• **What you are asked to do**:
Beginning at the line that holds "Bing & Grondahl", transcribe each line exactly through the end of the records, and leave any pictures out.

• **Data for the task**:

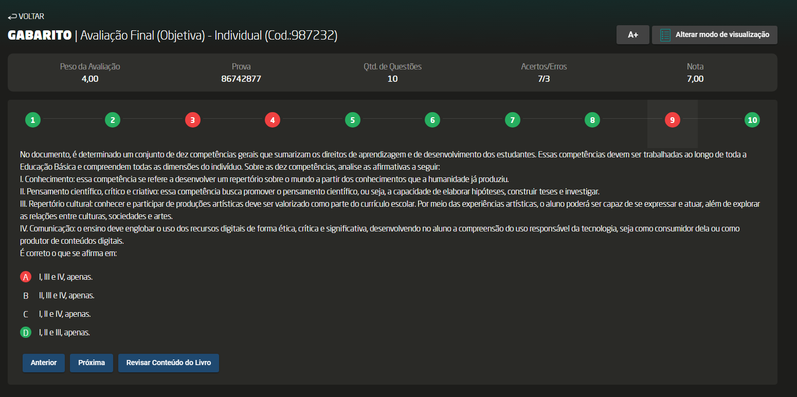 <p>VOLTAR GABARITO Avaliação Final (Objetiva) - Individual (Cod.:987232) A+ Alterar modo de visualização Peso da Avaliação Prova Qtd. de Questões Acertos/Erros Nota 4,00 86742877 10 7/3 7,00 1 2 3 5 6 7 8 9 10 No documento, é determinado um conjunto de dez competências gerais que sumarizam os direitos de aprendizagem e de desenvolvimento dos estudantes. Essas competências devem ser trabalhadas ao longo de toda a Educação Básica e compreendem todas as dimensões do indivíduo. Sobre as dez competências, analise as afirmativas a I. Conhecimento: essa competência se refere a desenvolver um repertório sobre mundo a partir dos conhecimentos que a humanidade já produziu. II. Pensamento científico, crítico e criativo: essa competência busca promover pensamento científico, ou seja, a capacidade de elaborar hipóteses, construir teses e investigar. III. Repertório cultural: conhecer e participar de produções artísticas deve ser valorizado como parte do currículo escolar. Por meio das experiências artísticas, aluno poderá ser capaz de se expressar e atuar, além de explorar as relações entre culturas, sociedades e artes. IV. Comunicação: ensino deve englobar dos recursos digitais de forma ética, crítica e significativa, desenvolvendo no aluno a compreensão do USO responsável da tecnologia, seja como consumidor dela ou como produtor de conteúdos digitais. É correto que se afirma em: I, III e IV, apenas. II, III e apenas. I, e apenas. D I, e III, apenas. Anterior Próxima Revisar Conteúdo do Livro</p>
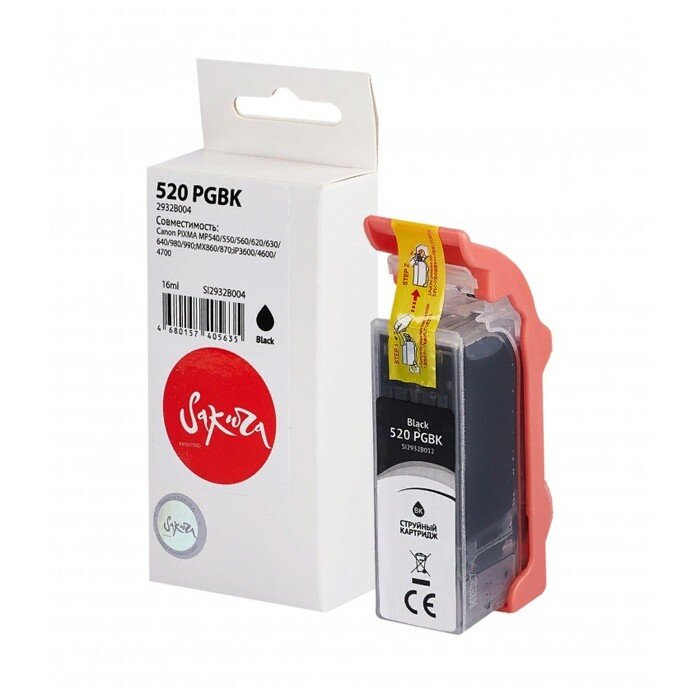 Картридж 2932B004 (520 PG Black) для Canon, струйный, черный, 16 мл., 340 страниц, Sakura
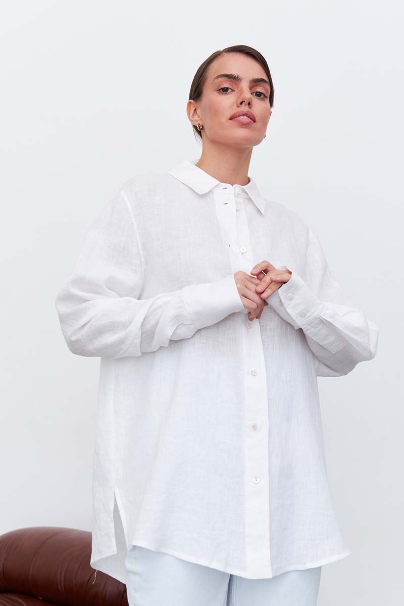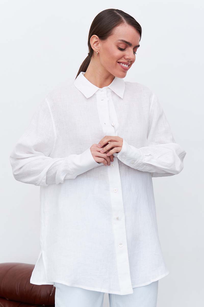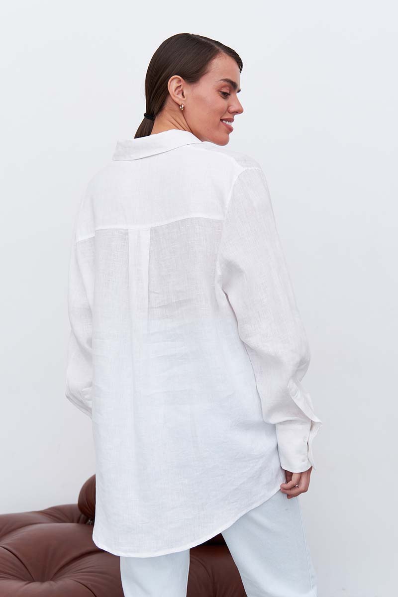 Качественная женская рубашка изо льна свободного кроя, пудрового цвета, с кокеткой на спине, и разрезами по бокам. Рубашка подходит как для офиса, так и для повседневных образов. Тонкий длинноволокнистый лен особенно прочный, отлично пропускает воздух и впитывает влагу, что делает его идеальным выбором для гардероба. Свободная и удлиненная, эта легкая рубашка может дополнить образы для отдыха с шортами и короткими топами, легинсами, джинсами, брюками и юбками. Рубашку можно носить как блузку, а можно носить как второй слой поверх футболки или топа. Сделано в России на собственном производстве.
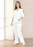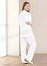 Костюм состоит из куртки и брюк. Куртка прямого силуэта с V-образным вырезом горловины, обработанной планками. На передней полочке расположены один нагрудный и два нижних накладных кармана. Горловина спинки обработана обтачкой. Рукав короткий, втачной. Брюки прямые, свободного облегания, с поясом на резинке. Для сборки костюма используются нитки в цвет ткани.
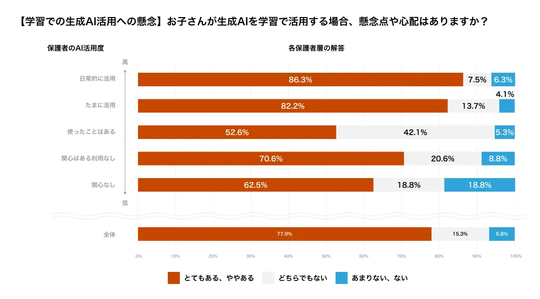 懸念も見られた。全体の77%の保護者が生成AIを使うことに対しての懸念が「とてもある」「ややある」と回答しており、特に「日常的に使う」と答えた保護者では86%が懸念を持っていた。
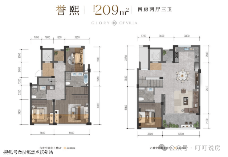 联排就2个户型,边套316㎡和中间套286㎡。
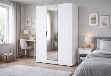 - Киевский стандарт, МДФ, ламинированная ДСП, система открывания Tip-On, штанга и полки, минимализм, нимфея альба / белый глянец, 4D.
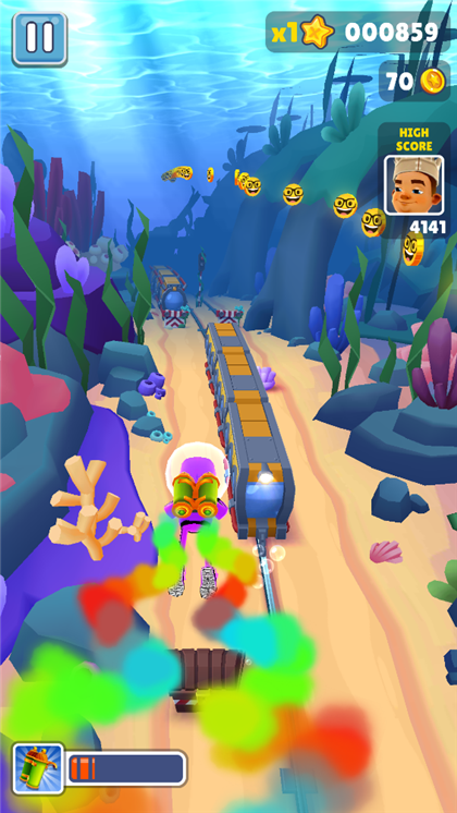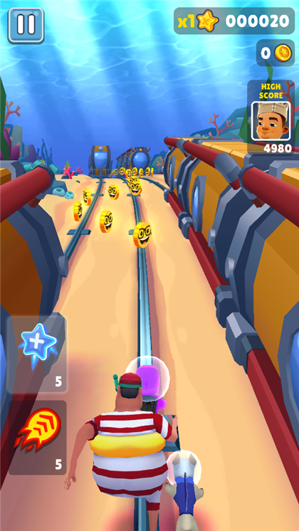 地铁跑酷水下城魔改版是一款由创之宇修改的深海专属版。这个版本的地铁跑酷沿袭了经典版的地铁跑酷玩法,你需要躲避想要抓住你的警察,躲避各种障碍,不断地往前跑。游戏中人物的颜色,金币的样式都被修改,给玩家新的游戏体验。在地铁跑酷水下城魔改版中,你需要在水底世界奔跑,通过左右移动躲避障碍不断地往前冲,来获得更好的分数,拾取更多的金币。金币等物品可以让你解锁更多的角色。你获得的分数会参与全球排名,整个世界的玩家一起,争相往榜上面冲!那个榜上面的人为什么不能是你?
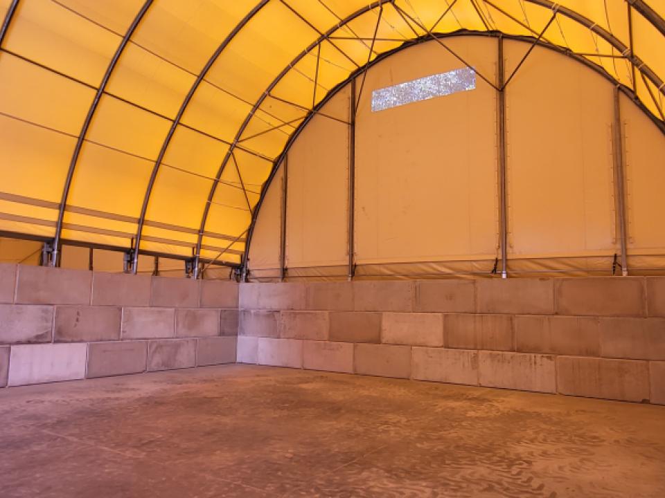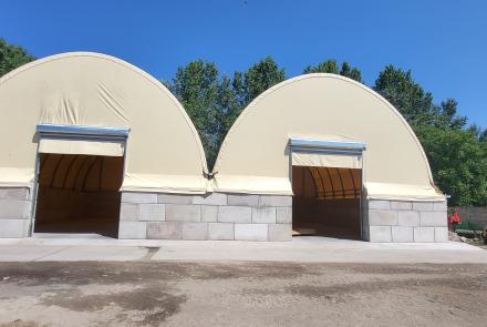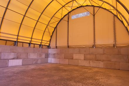 Ebben az esetben a sátrat 3-5 sor magasan épített 80x80x160-as Gravetti blokkokra szereljük, melyek önsúlya 2500 kg/db. Helykihasználás szempontjából ez a jobb megoldás, de egyben ez a legkevésbé biztonságos is vízbefolyás szempontjából. Itt a Gravetti blokkok tetejére építjük a sátrat, a víz bejutását, a blokkok alá rakott ragasztó habbal, a blokk és a betonlemez találkozásánál betonjavító anyagból készült „holkerrel”, és szükség szerint a blokkok külső oldalának ponyva borításával oldhatjuk meg. Összességében ez a legbonyolultabb, legköltségesebb megoldás, de bizonyos üzemméret és felhasználási cél, ezt a technológiát igényli.
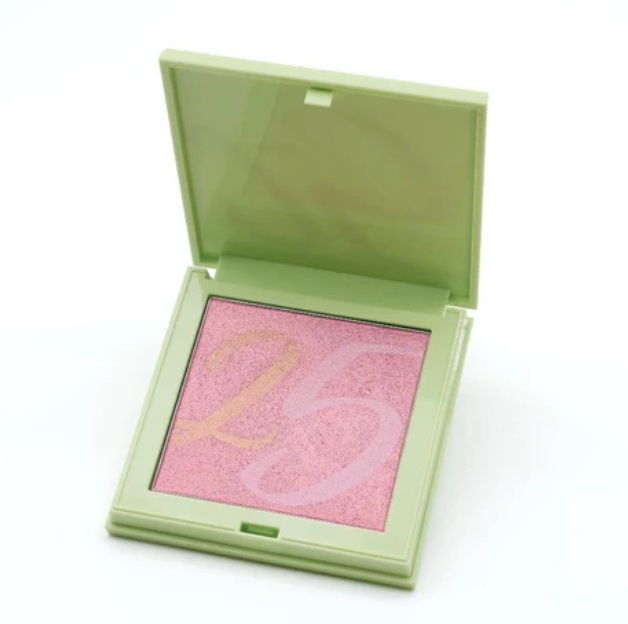 • Gold foil commemorative "25" on top of the compact featuring both a blush & highlighter.
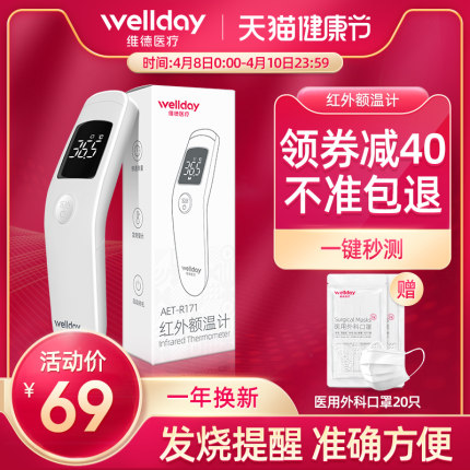 天猫维德医疗旗舰店109元,点此领取50元优惠券,实付59元到手,一秒测温,可连续多人、多次测量,非接触测量,居家常备。下单赠10只医用外科口罩。
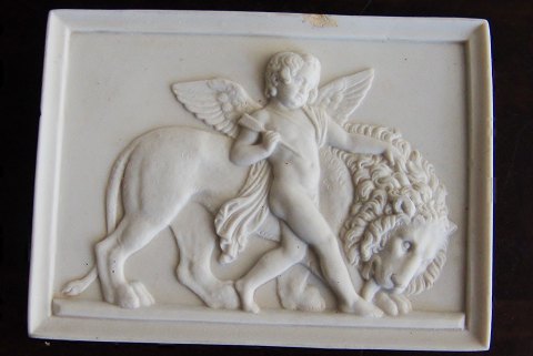 Bing & Grondahl Bisque Plate Amor with the tame Lion No 76. Copy after Thorvaldsens original from Rom 1828. Measures 13,5cm x 10cm.
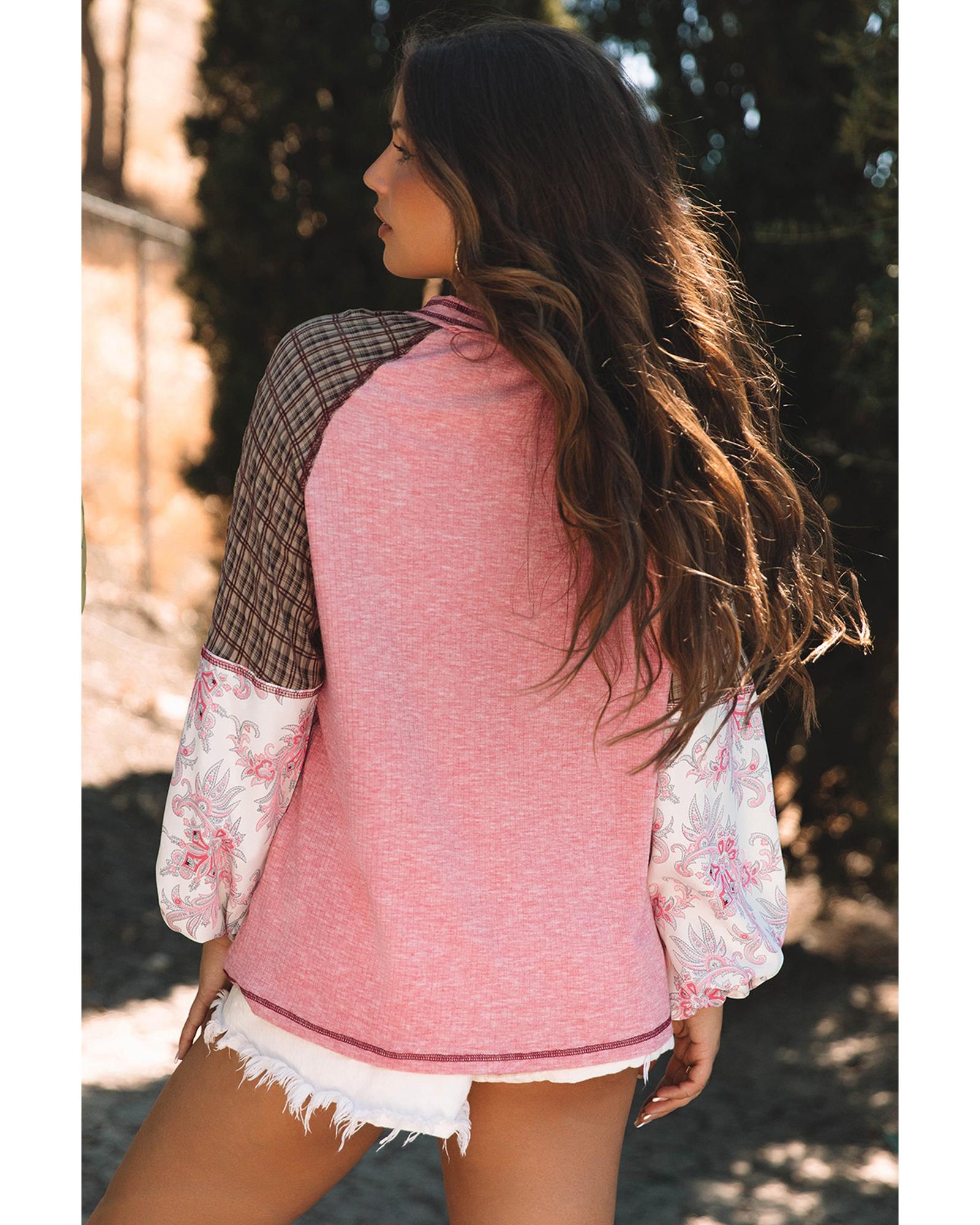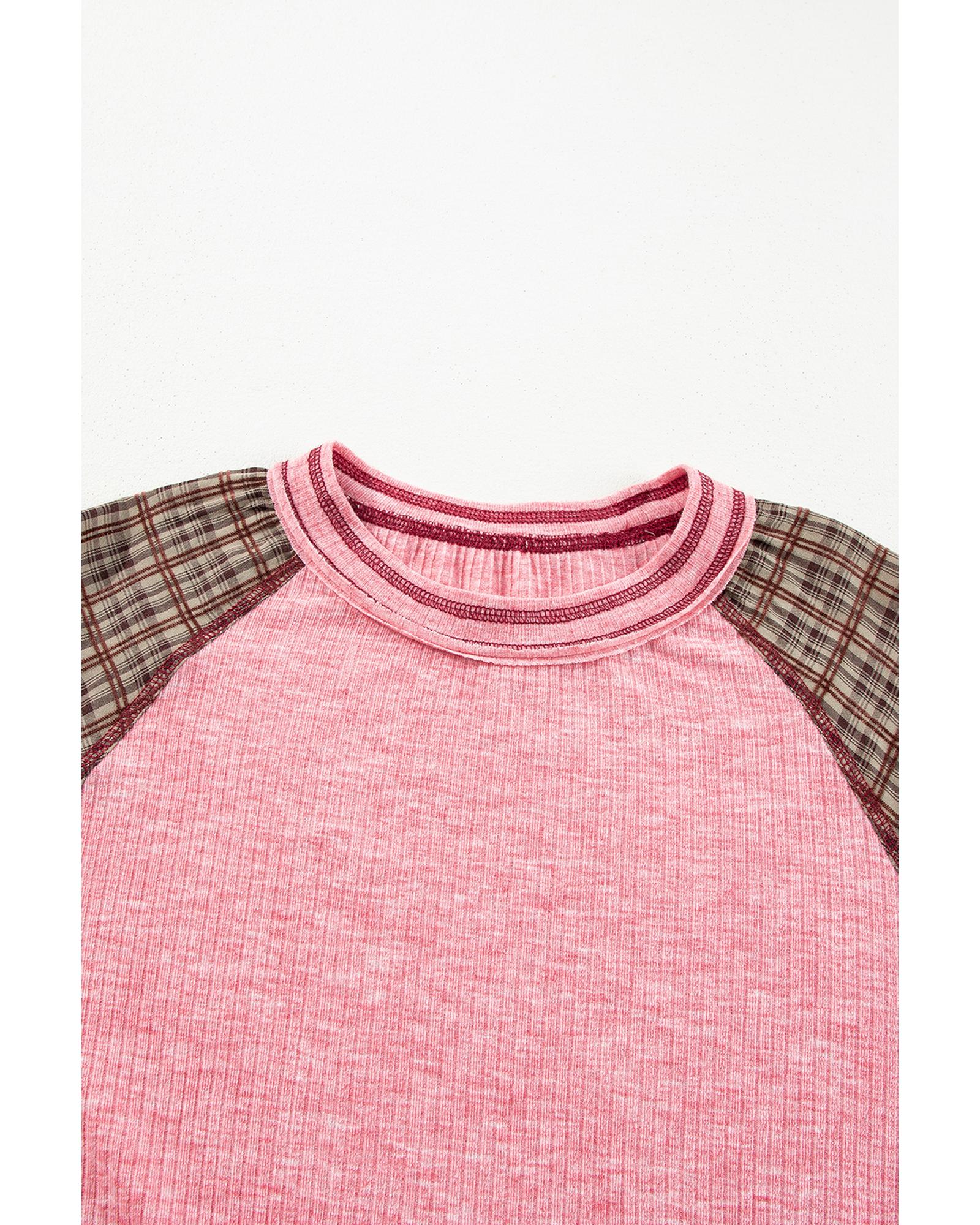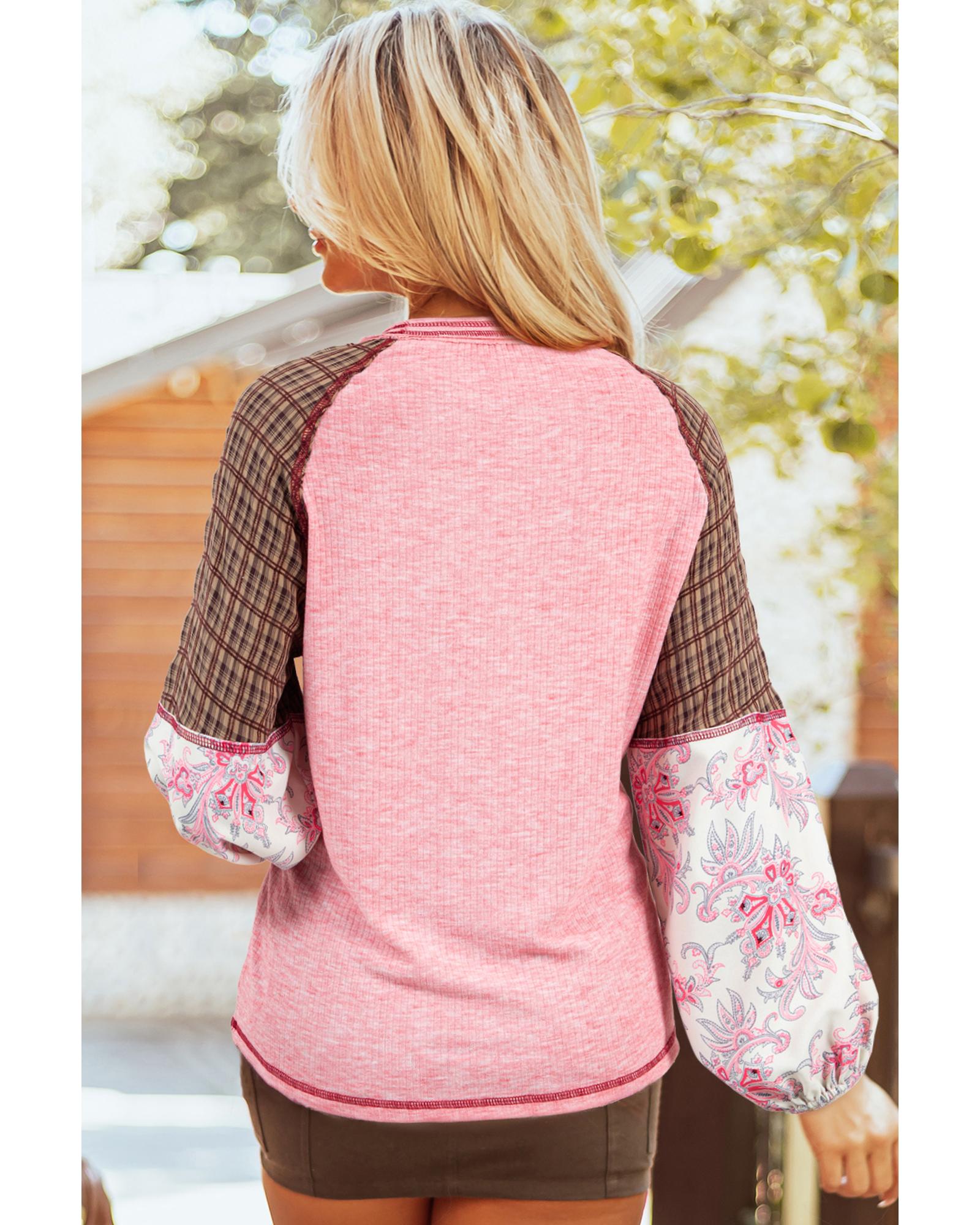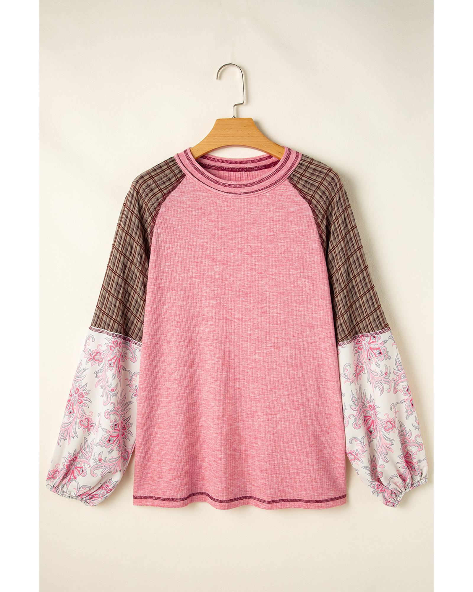 This stylish blouse features a trendy fitted look with unique mixed print bubble sleeves, perfect for a chic and casual outfit. Made from cozy and breathable ribbed fabric, it showcases an elegant patchwork design and raglan sleeves, making it a versatile addition to your wardrobe.

• **Response for this exercise**:
 Bing & Grondahl Bisque Plate Amor with the tame Lion No 76. Copy after Thorvaldsens original from Rom 1828. Measures 13,5cm x 10cm.
 This stylish blouse features a trendy fitted look with unique mixed print bubble sleeves, perfect for a chic and casual outfit. Made from cozy and breathable ribbed fabric, it showcases an elegant patchwork design and raglan sleeves, making it a versatile addition to your wardrobe.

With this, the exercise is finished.